Интересно: жгучая немка – крашеная, или натуральная? И немка ли? блондинка? шатенка? брюнетка?
Вспомнилась осевшая, где-то в глубине мозга, чужая мысль: «Не любить брюнеток – преступление против человечества!».
- Если жгучая – должна быть южанка.

С наших приграничных районов? Однако эта… епархия** не для полета моей мысли.
Южанка. Южанка? С Кавказа? Но ведь они за границей на положении турок, значит, отпадает – их туда палкой не загонишь.
Но ведь жгучая?!
Возможно, корни её народа гораздо южнее Кавказа, и жгучая – представительница, Богом любимого племени, рассеявшегося по всему миру?
Но какого роду-племени не была бы она, и, решившись на этот шаг, значит, подтверждает свою сильную натуру с богатой фантазией. Мы сможем бросить вызов обществу, и потом будем гордиться содеянным поступком.

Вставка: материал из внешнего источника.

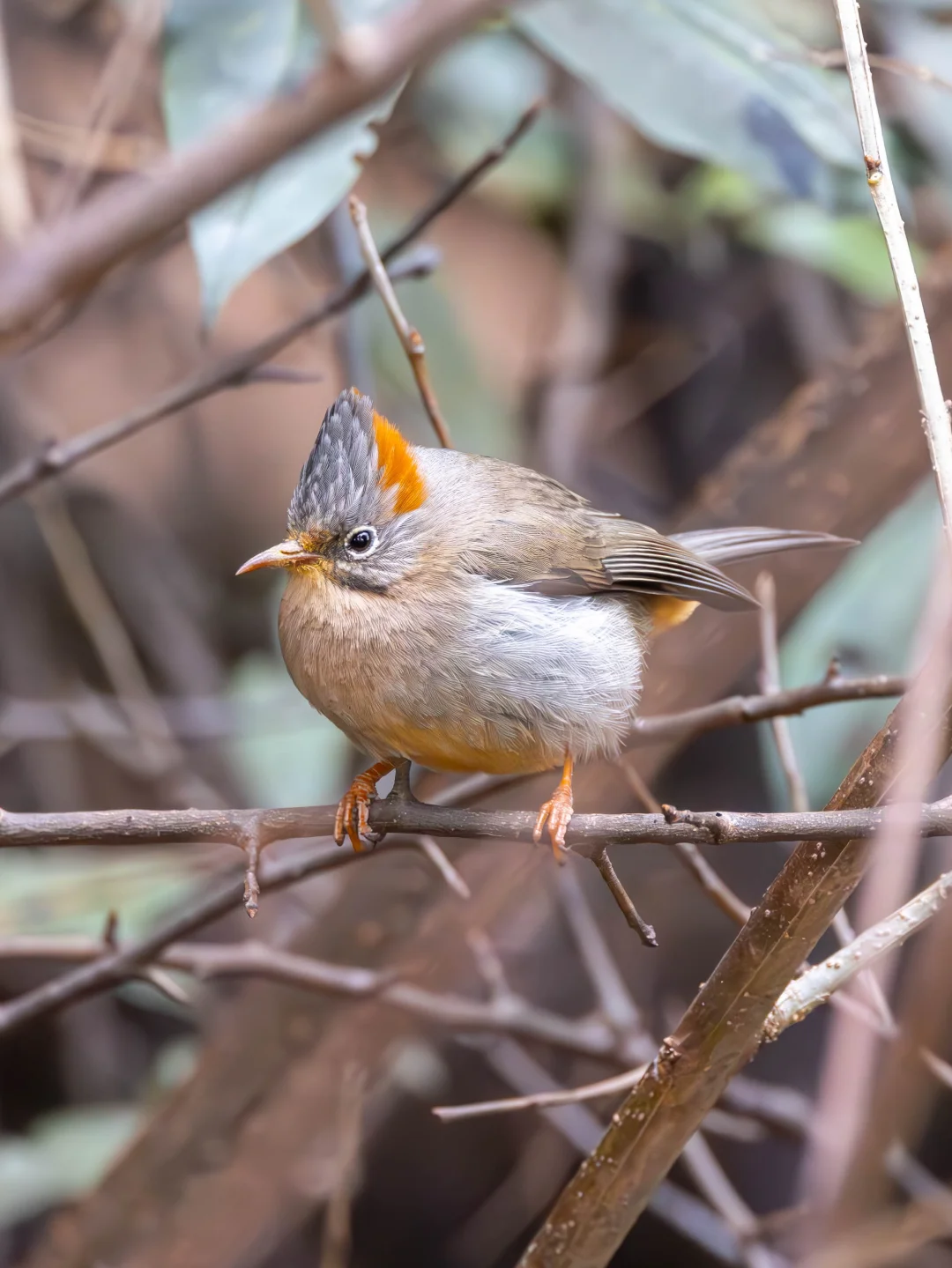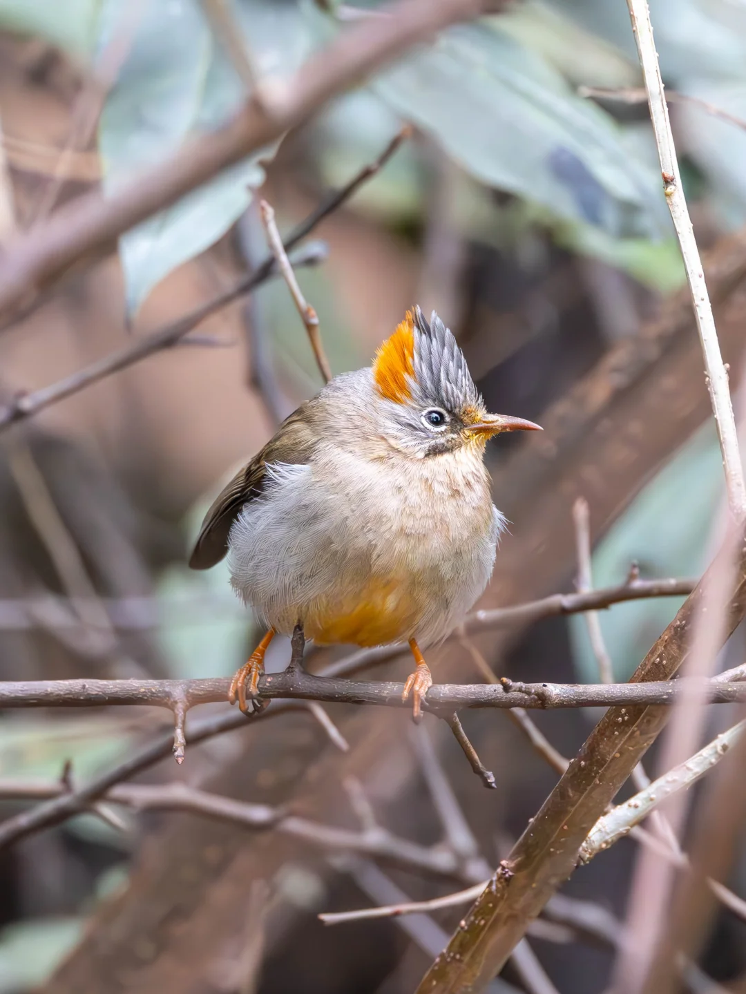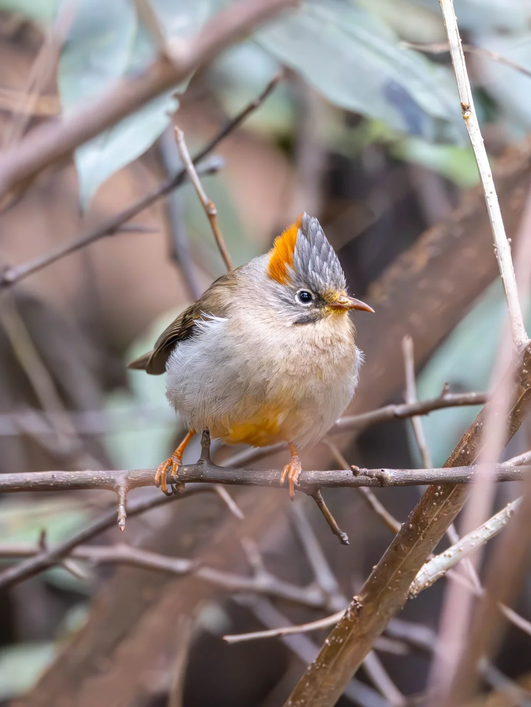 原创拍摄于2025.02 棕臀凤鹛,Rufous-vented Yuhina,雀形目绣眼鸟科凤鹛属。 棕臀凤鹛是一种较大的凤鹛(虽然凤鹛都很小),头冠背面“挑染”了一撮耀眼的橙色,臀部也染了棕色,特征显著。 这种可爱又愤怒的小鸟分布在云南及喜马拉雅山脉,当时我正在泸沽湖环湖自驾,在情人滩偶遇一波鸟浪,于是看到了这群可爱的棕臀凤鹛。

И если окажется, что она из племени наисмекалистых, тогда какой из нас получился бы приличный тандем? Да мы в мгновение ока в Книгу Гиннесса попали бы, как самая неординарная пара.
Наш же генофонд выехал в Германию – теперь бьёт морды бывшим врагам, зарабатывая себе на жизнь. Люди в основном находят удовлетворение в той жизни, какой они живут сами. Общество моего Отечества считает это явление (в Германии бить морды в кровь местным и приезжим, из-за океана) вполне закономерным фактом.
Германия.

При одном упоминании этого слова – перед моими глазами появляется пятнадцатилетний Ганс из далёкого детства. Так мы звали паренька, жившего через улицу от меня. Лицо у него всегда было цвета варёной моркови, а тонкая, прозрачная кожа на щеках, казалось, лопнет от избытка крови. На голове волосы курчавились огненно-рыжей шапкой. Жил он со своей бабушкой, немкой по национальности.

** Греческий синоним слова «провинция», т. е. согласно церковно-административному делению область, во главе которой стоял епископ митрополии – столицы епархии – митрополит.

- Ой, как меня потянуло в Германию! То-то я всё время чувствовал, что под пластом европейской крови обеих моих прабабок, ещё что-то дремлет. Ясно, что ждало своего часа: соседи-то моих предков – немцы.
Ой, родные мои германцы!
А я думаю: ну что мне постоянно слышится звон рыцарских доспехов?.. А это, оказывается: идут мои земляки, закованные в железо, плечом к плечу, за рядом ряд…
Теперь понятно – почему в последнее время все чаще и чаще, откуда-то из глубины души, волна за волной, рвётся наружу дробь армейских барабанов: «Unsere Soldaten und Offiziere…», заглушая, доносящийся издалека, топот сапог по булыжным мостовым.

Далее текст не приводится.